今回、バタヴィア市電のレールが露出したのは、MRTJ2期工事のうち、すったもんだの末にようやく受注業者が三井住友建設とフタマカルヤのコンソーシアムに決まったCP203工区のうちのグロドック~コタ間。CP203工区となるマンガブサル~コタ間は今年9月に着工し、現在は本格的な掘削開始のため、開削工法で建設される各駅部の道路上の構造物の撤去、移設を行っています。主に中央分離帯付近にあるTJのバスレーンを一般車線側にずらし、一部停留所は工事区域に支障しない箇所に移設されます。
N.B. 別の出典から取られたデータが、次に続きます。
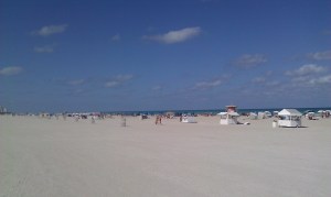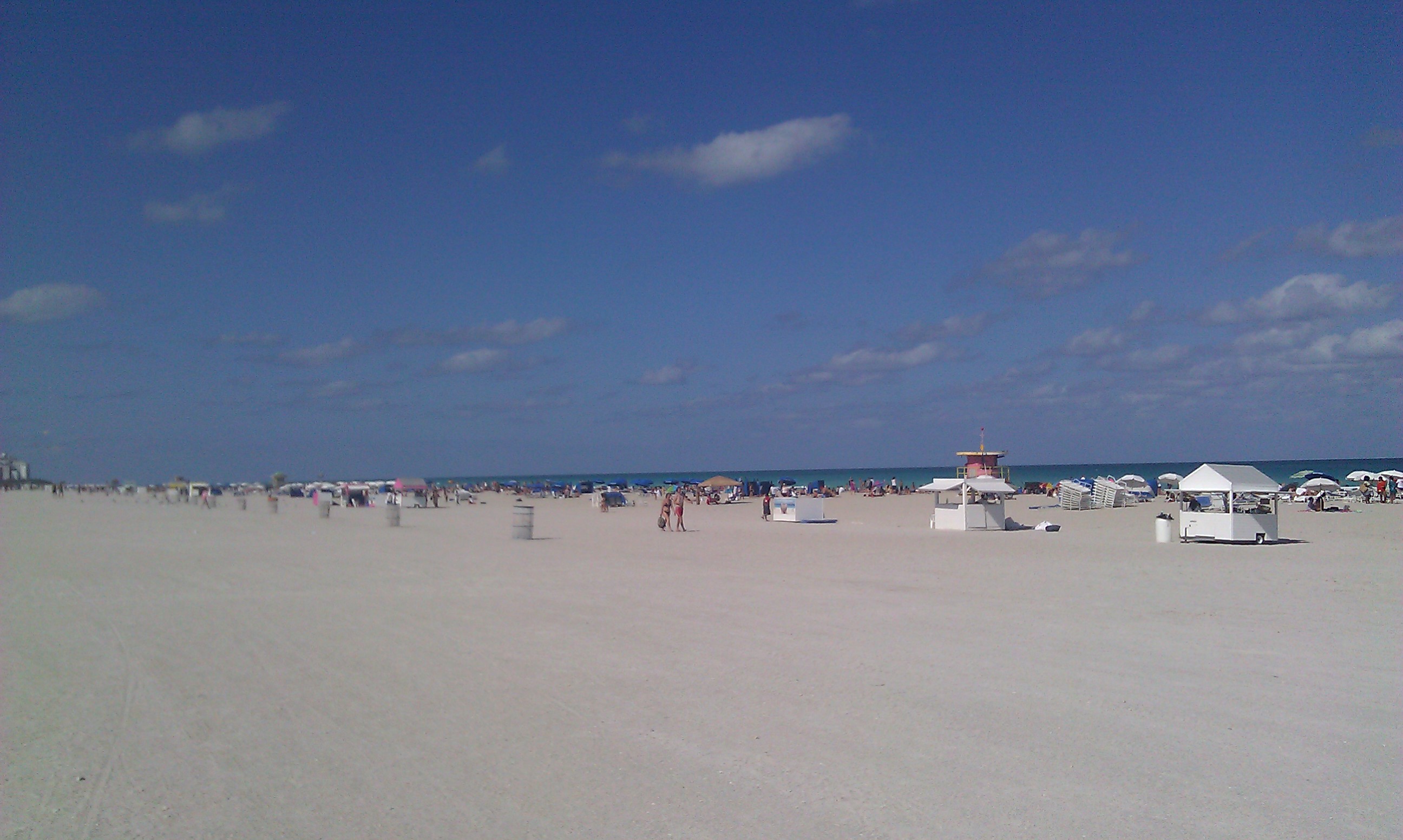 Ich sitze gerade vor unserem Hotel in Miami Beach, lasse mich von der Musik von drinnen beschallen und beobachte nebenbei das bunte Treiben in unserem tüchtigen Viertel. Der erste Eindruck von Miami ist der einer pulsierenden Metropole. Aus jedem Geschäft, egal ob Shoppingtempel oder Snackbar dröhnt die Musik genauso wie aus den vorbeifahrenden, gepimpten Autos. Auch die Menschen sind ziemlich laut, selbst wenn sie sich nur normal unterhalten.

要するに、今回、TJのバスレーン下に埋まっていた市電の線路が露出したかたちです。この区間の市電線路埋没の可能性は、現地鉄の中でも囁かれており、かつては道路工事の過程で、アスファルト上にうっすらとレールの跡が浮き上がるということもありました。が、このように完全な形で姿を現すのは初めてです(ファタヒラ広場に保存されている部分を除く)。

露出しているのは10mほどで、ちょうどガジャマダ通りの上をパサールグロドックの連絡通路が跨ぐあの付近。汲泉茶舎のちょうど前あたりです。ボッタクリお高い中華茶屋なので、入ったことありませんが、2階の窓から俯瞰できるかもしれませんね。いずれにせよ、MRTJの工事エリア内ですので、道路上から直接見ることは出来ません。手っ取り早いのがTJの車内から見ることで、私もTJの車内から観察しています。まあ、これがもっともレールに接近出来るでしょう。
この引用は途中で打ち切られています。